I didn't read the article on Tarot because it didn't interest me. Maybe the IJA should just steer clear of any articles that refer to religion. There will always be varied beliefs and ways of worshiping. But for the record, there is only one way - Jesus Christ.
Other comments: Juggler's World is a family magazine, so the publication should not display nudity or use bad language.
I'd also like to comment on Barrett Dorko's article. It was OK, but what about us women? My point is... Why ask why? Let's just juggle because it's fun. Who cares about the reasons we do it or if it is related to religion or something from childhood or some intellectual rationale. We enjoy doing it for ourselves and that's all we should really care about. We should be using our time and energy to help other jugglers and further our art by spreading the joy of juggling by every means - by our own juggling, verbally and on the printed page.
Every year in Juggler's World we are treated to a poetic review of Cirque du Soleil. Perhaps review isn't the right word. How about "gush?" Granted the Cirque has talented, entertaining performers and I'm sure the well-heeled audiences who populate their tent feel they got their $50 worth. (But wouldn't set foot in the open-aired Pickle Family Circus or the grubby mud shows that pass through town.) I mean, where else outside of Vegas can you get so many fog machines?
It seems as if Juggler's World is turning into another circus "fanzine." Everybody is great. Everybody is talented. If there's a juggler anywhere at any time he or she must be incredible! That's what one understands from any "review" in Juggler's World.
Are there not some poor performers in the world? Lifeless? Cliched? Unentertaining?
I know the IJA was created to support jugglers, but I hope there is room in the organization for we cynical members who love juggling and the performing arts enough to criticize it occasionally. Are you reviewing shows or quoting their publicity kits?
San Francisco, California
A devoted juggler passed away in February. When I started the Charlotte Jugglers Association in 1979, Mike Roth watched from a distance. It was many weeks before he summoned the courage to approach our little pack of oddballs and find out more about what we were doing.

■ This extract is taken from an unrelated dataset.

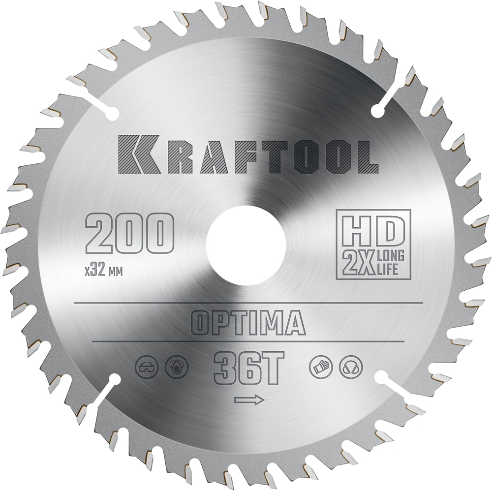KRAFTOOL Optima, 200 х 32 мм, 36Т, пильный диск по дереву (36951-200-32)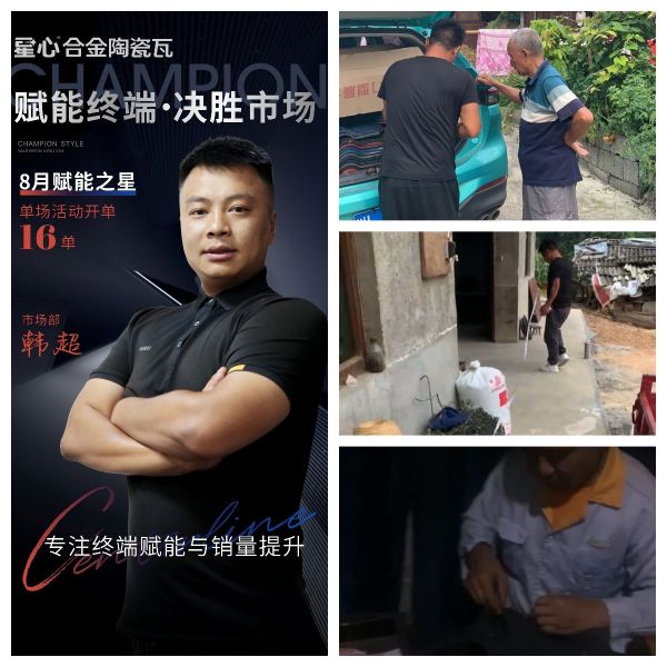 主动营销专员韩超就是其中的一员,退伍军人出生的他将雷厉风行、一丝不苟的部队作风带到了实际工作中!不管是烈日酷暑,还是寒冬腊月,哪里经销商有需要,哪里就有他们的身影!从清晨的5、6点到晚上的7、8点,都是他们忙碌的身影,协助当地经销商,服务好每一位客户,就是他们的终极目标!负责任、将实干,这是星心合金陶瓷瓦经销商们对这支队伍的真实评价!

Mike was in his 40s, mildly retarded, and only able to move his arms in a very rigid manner. It took him more than three years to learn how to juggle three balls. I was amazed when he mastered four balls a few years later, and have no doubt that, had he lived long enough, he would have fulfilled his dream of juggling five.
Mike could be seen in Charlotte parks on most any days practicing, his laundry bag of props by his side. He would look at his hands and talk to himself for 30-45 seconds before tossing his rubber balls in the air. He was a devoted and patient student. At first, he would ask the same question over and over - which ball should be thrown first, second and third? I would explain over and over, and watch his mind slowly grabbing hold of the pattern as hours turned into days, days into months and months into years.
But Mike could see progress and his determination never faltered. And neither did his childlike fascination as he watched those of us who juggled near and with him. We learned from him that with time any trick can be mastered.
For the last 12 years of his life, juggling gave this man a focus, a challenge and a sense of achievement. A brain tumor killed him. I will always remember him as someone who truly was an amazing juggler. May he rest in peace.